Containers-roadmap: [EKS] [request]: More CloudWatch Metrics and Configuration

Created on 27 Oct 2019 · 2Comments · Source: aws/containers-roadmap

Which service(s) is this request for?
EKS

Tell us about your request
And after setting up and taking a look into the CloudWatch Container Insights for Amazon EKS, I think this is a good way to collect the logs and metrics for Kubernetes. However, I think the CloudWatch Agent is now lack of configurations and metrics to make it more useful. The following is the configurations and metrics that I suggest:

Configurations

Ability to select which namespaces to collect the metrics
Ability to select which app to collect the metrics. The labels could be used for this config, for example: labels.app or labels.k8s-app
Ability to select which metrics to collect

Metrics

node and pod memory utilization in bytes
node and pod cpu utilization in mili core
container memory page faults
the metrics should collected for separated pods. Now it was collected for deployments, daemon sets... under the name PodName. And I think it is not really helpful because the problem can occurs on a single pod of the deployments while the metrics is sum of all the pods.
The Alarm can be trigger by every single pod of the deployment.
The health condition of a job or cron-job: number of jobs created, number of the success and failed jobs...

EKS Proposed

Source

khacminh

👍12

Most helpful comment

For most organization metrics are a good portion of the infrastructure and require multiple tools to achieve this. Nowadays also, companies are migrating to EKS or already using it for a while and they still lack this kind of metrics unless they add another layer in their toolset. With the release of Container Insights, everyone thought that they were going to be able to finish transferring everything to their CloudWatch dashboards and alarms but when they realized that the metrics were very little they end up deciding not to use it.

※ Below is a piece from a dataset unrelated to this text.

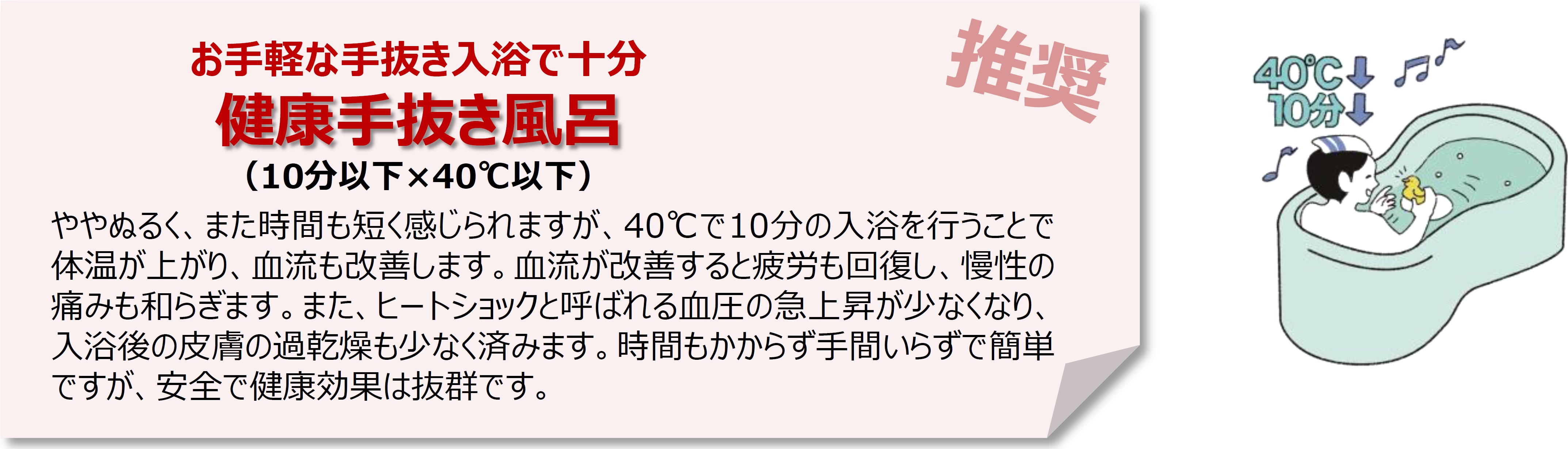 入浴時間10分以下×湯温40℃以下を安全な“健康手抜き風呂”として推奨しています。浴槽を用いた入浴というと、長い時間お湯に入らないと美容や健康効果がないのでは?と考える人が多いのですが、実際は10分以下のお手軽な“手抜き”の入浴法で十分です。この“健康手抜き風呂”を実践している人はたった2割でした。逆に全く浴槽に浸からない人も2割もいましたので、気負うことなくまずは10分浴槽に浸かってみてださい。高温の湯や長時間の入浴はのぼせやヒートショックの危険があります。
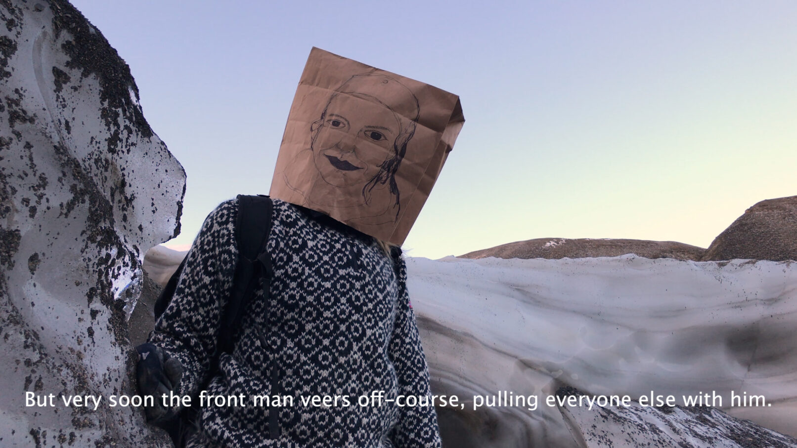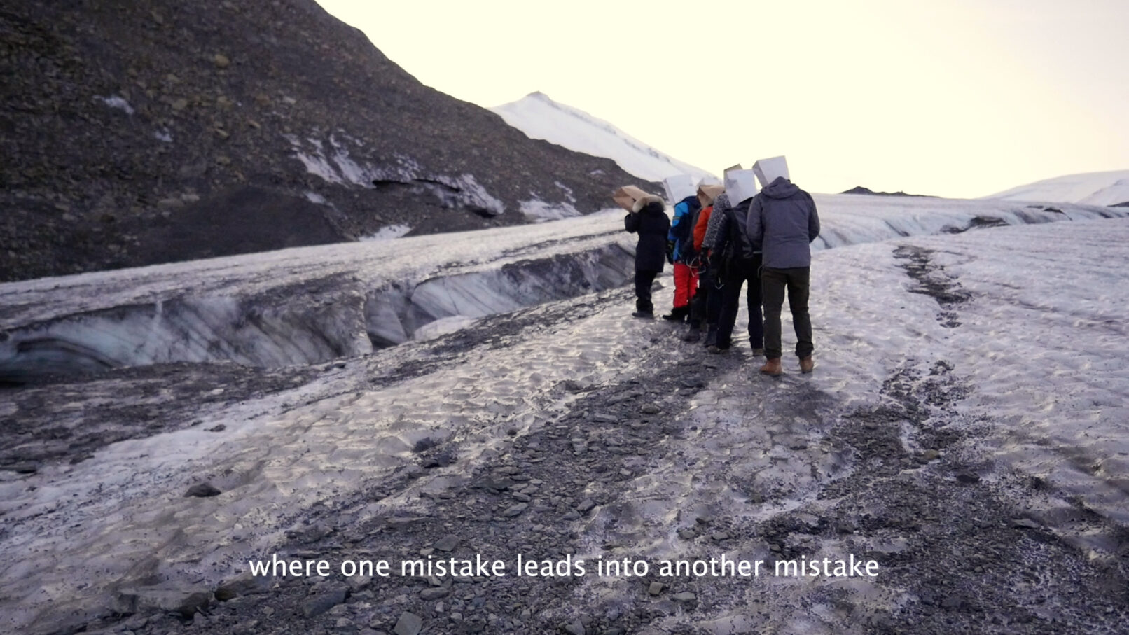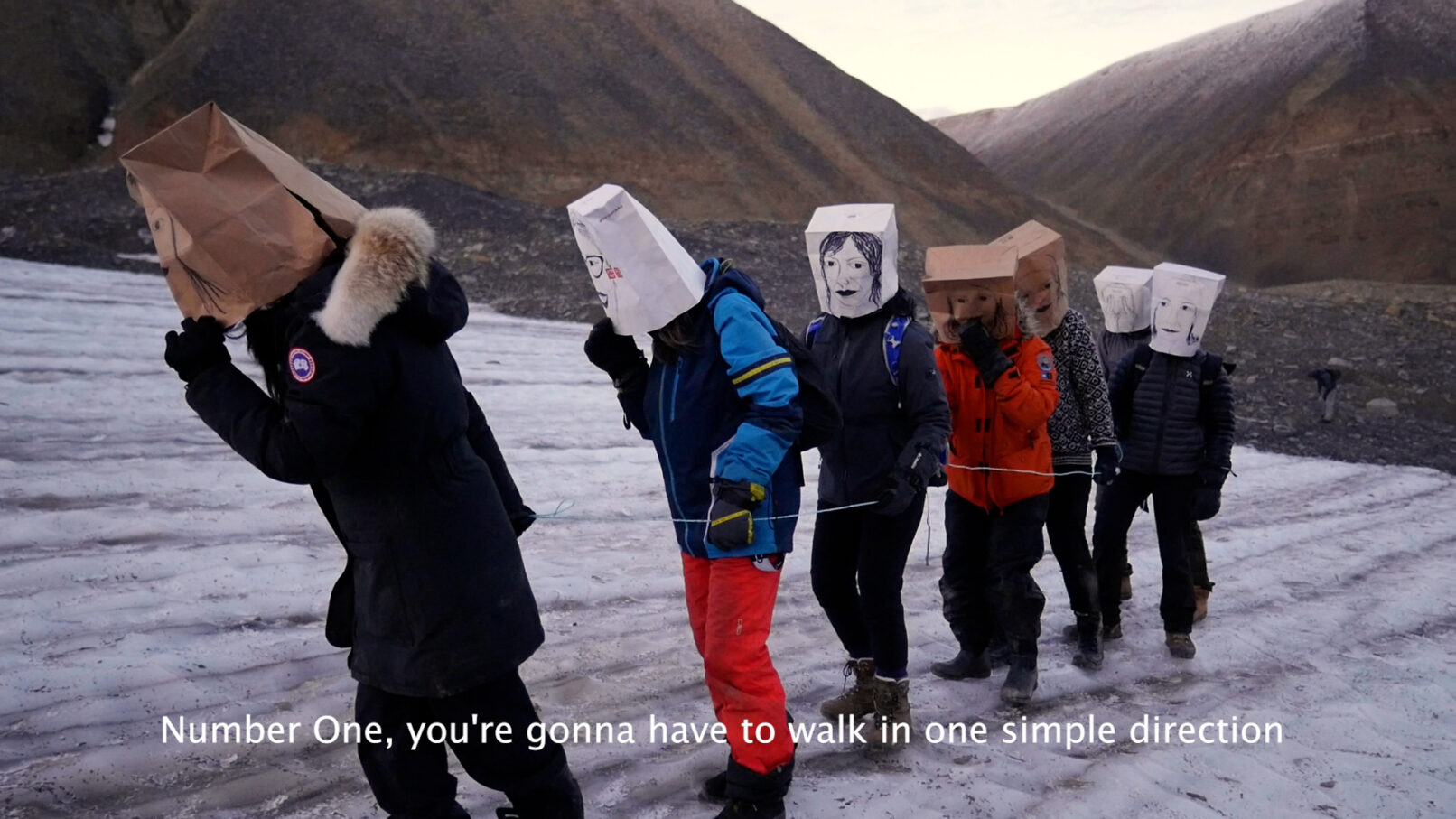 Inspired by a section in Werner Herzog’s documentary, Encounters at the End of the World, where people go through training as a team to find missing persons in preparation for extreme high arctic weather, during my Arctic Circle Residency I invited nine program members from different parts of the world to participate in the project. With paper bags placed over their heads to constrict their sight and hearing and to simulate being out in a heavy Arctic blizzard, the participants then conducted a rescue performance, in which they relied on a piece of rope to communicate and survive. The performance came to a halt when one of the participants tripped over a glacier crevasse. Just like the training documented in the film, in which they had eventually lost their way and were unable to complete the rescue, the performance, juxtaposed with the conversation in the documentary, alluded to the potential absurdity behind “modern polar expeditions.”

EKS has a lot of other things more than filesystem usage in the node and super basic networking metrics. People want to know if their deployments went successful or if a node it's ready to use, or how many pods are in wait mode or nodes if they are schedulable or not. If the deployments were paused for too long and many other things (daemon sets, replica sets, services, deployments), and some other super useful ones like if their services are generating HTTP errors (3xx, 4xx, 5xx).

I feel if CloudWatch team steps up and adds this to the scope, to be able to get more metrics out of ContainerInsights will make most of the companies start using a lot more their monitoring services.

Now my question goes, does CloudWatch team or the team that owns this kind of project, set a roadmap for this?